• DATA:
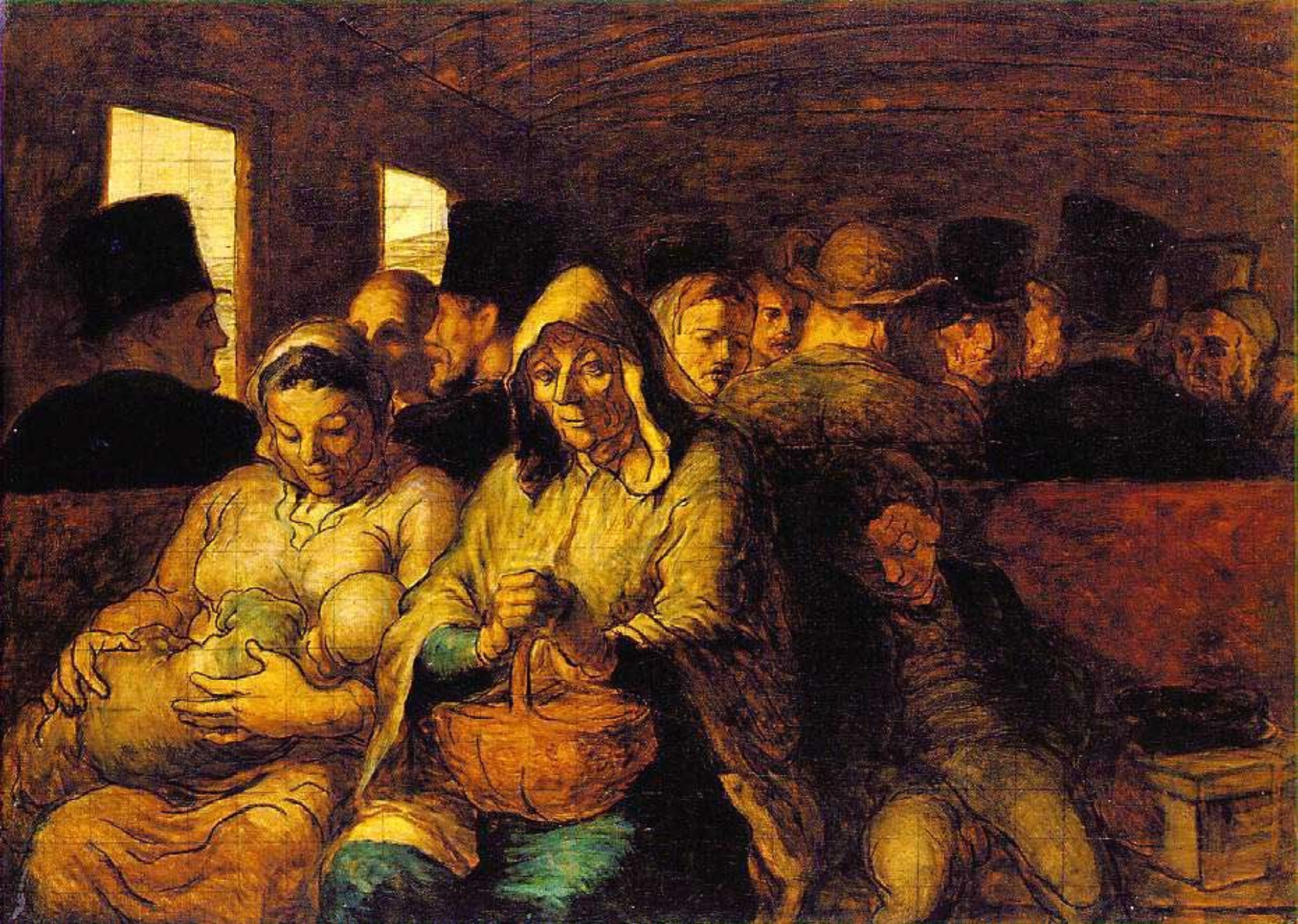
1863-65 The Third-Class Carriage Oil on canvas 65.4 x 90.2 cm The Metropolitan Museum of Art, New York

...

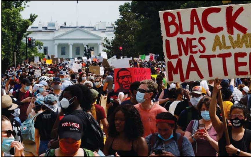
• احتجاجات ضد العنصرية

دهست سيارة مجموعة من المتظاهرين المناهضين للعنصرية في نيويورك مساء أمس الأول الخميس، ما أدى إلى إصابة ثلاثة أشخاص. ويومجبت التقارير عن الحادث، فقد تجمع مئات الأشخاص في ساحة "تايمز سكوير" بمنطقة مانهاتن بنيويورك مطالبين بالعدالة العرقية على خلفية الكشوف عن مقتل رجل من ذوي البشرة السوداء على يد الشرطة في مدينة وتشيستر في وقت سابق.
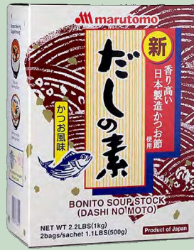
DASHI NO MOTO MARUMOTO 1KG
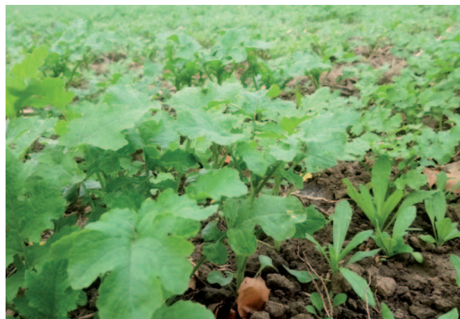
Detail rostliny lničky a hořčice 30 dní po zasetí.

• YOUR INSTRUCTIONS: Set down, exactly as written above, each line from the one with "دهست سيارة مجموعة" through the one with "Detail rostliny lničky", and skip the pictures.

• OUTPUT FOR THIS EXERCISE:
دهست سيارة مجموعة من المتظاهرين المناهضين للعنصرية في نيويورك مساء أمس الأول الخميس، ما أدى إلى إصابة ثلاثة أشخاص. ويومجبت التقارير عن الحادث، فقد تجمع مئات الأشخاص في ساحة "تايمز سكوير" بمنطقة مانهاتن بنيويورك مطالبين بالعدالة العرقية على خلفية الكشوف عن مقتل رجل من ذوي البشرة السوداء على يد الشرطة في مدينة وتشيستر في وقت سابق.
DASHI NO MOTO MARUMOTO 1KG
Detail rostliny lničky a hořčice 30 dní po zasetí.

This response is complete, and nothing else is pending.